Chapple placed black ribbons around the hives, and then told the busy workers inside the news. He also explained that King Charles III is now their new master, and that he will be good to them.

"The person who has died is the master or mistress of the hives, someone important in the family who dies and you don't get any more important than the Queen, do you?" Chapple said to the British newspaper. Getting into the nitty-gritty of it, he explained, "You knock on each hive and say, 'The mistress is dead, but don't you go. Your master will be a good master to you.'"

The ritual of "telling the bees" about important events in the life of the beekeeper is centuries old. JSTOR explains its origins and how it developed over time:

This practice of "telling the bees" may have its origins in Celtic mythology where the presence of a bee after a death signified the soul leaving the body, but the tradition appears to have been most prominent in the eighteenth and nineteenth centuries in the U.S. and Western Europe. The ritual involves notifying honey bees of major events in the beekeeper's life, such as a death or marriage.

While the traditions varied from country to country, "telling the bees" always involved notifying the insects of a death in the family—so that the bees could share in the mourning.
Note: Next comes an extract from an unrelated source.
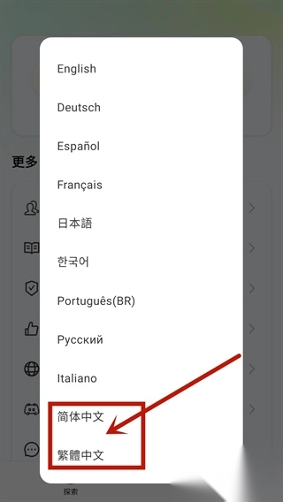 2、当然,找到“更多→语言→中文”也可以轻松设置为中文。

This generally entailed draping each hive with black crepe or some other "shred of black." It was required that the sad news be delivered to each hive individually, by knocking once and then verbally relaying the tale of sorrow.

Charles Fitzgerald Gambier Jenyns, a British Victorian apiarist and rector, in his A Book about Bees (1886) asserts that this message should be delivered to the hives at midnight. In other regions, like in Whittier's New England, they simply hung crepe on the hive and then sang to the bees that, "So-and-so is dead." Other variations include merely telling (rather than singing) or whispering the information. In some places they may say "Little brownies, little brownies, your master (or mistress) is dead."
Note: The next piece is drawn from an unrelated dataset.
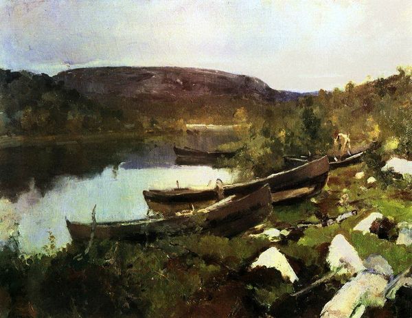 Curator: Ilya Repin’s "Landscape of the Volga with boats," painted in 1870, captures a specific moment along this iconic river. It is an early example of his exploration of plein-air techniques. Editor: Wow, my immediate impression is… tranquility. And a kind of stillness. It’s a quiet scene, despite what must be, in reality, a rather active waterway. Curator: Absolutely, that sense of quietude is really striking. Repin’s handling of light is particularly important. The way the gray sky seems to meet the water creates this hazy, almost dreamlike quality. This ties in well with the socio-political context too, especially after the serf emancipation. Editor: Tell me more. Curator: Well, this era saw a rise in artistic attention towards everyday life and the working classes. Though somewhat subtle, Repin offers glimpses into the lives of people dependent on the Volga, highlighting its critical role. The almost muted color palette echoes their lives: hard but also harmoniously connected with nature. The landscape becomes both witness and participant to their narratives. Editor: It's like the river embodies the possibilities and limits of their lives, both simultaneously. And those boats, their shapes so simple, become metaphors for journeys undertaken, dreams pursued, and the constraints placed on them by social structures. Curator: Exactly! Even his impasto technique enhances this reading: the way he renders the boats conveys movement, while their grounded position reveals realities of their life in Russia. Editor: You know, there's a vulnerability that I hadn’t immediately perceived. This piece makes me consider how environment shapes our shared experiences, and this artist, at least here, captures the nuance, in a deceptively subtle way. Curator: It's those undercurrents, literally and figuratively, that make Repin such a fascinating, resonant figure, I feel. And so often those undercurrents carry more significance. Editor: Indeed, something so peaceful hides multitudes. Thank you.

I never knew about this ritual until the Queen died. When a friend—who was a beekeeper—died two years ago, a friend of theirs set up a group chat where we could all share photos and stories and memories of happier times. The person who set up the chat named it "Telling the Bees," and now I finally understand what that means. As much as I question most of the ritual and pomp and circumstance happening in the wake of the Queen's passing, this practice of telling the bees is touching, and seems like an intimate and meaningfully deliberate way to mourn someone's passing. As the JSTOR article points out, the ritual also highlights the incredibly important relationship between bees and humans that we must continue to foster:

While the future of the honeybee remains uncertain, this staged funeral serves as a powerful reminder that our fate is inexorably linked to that of bees. If they were to depart, the journey "we all must go" will come sooner than we realize.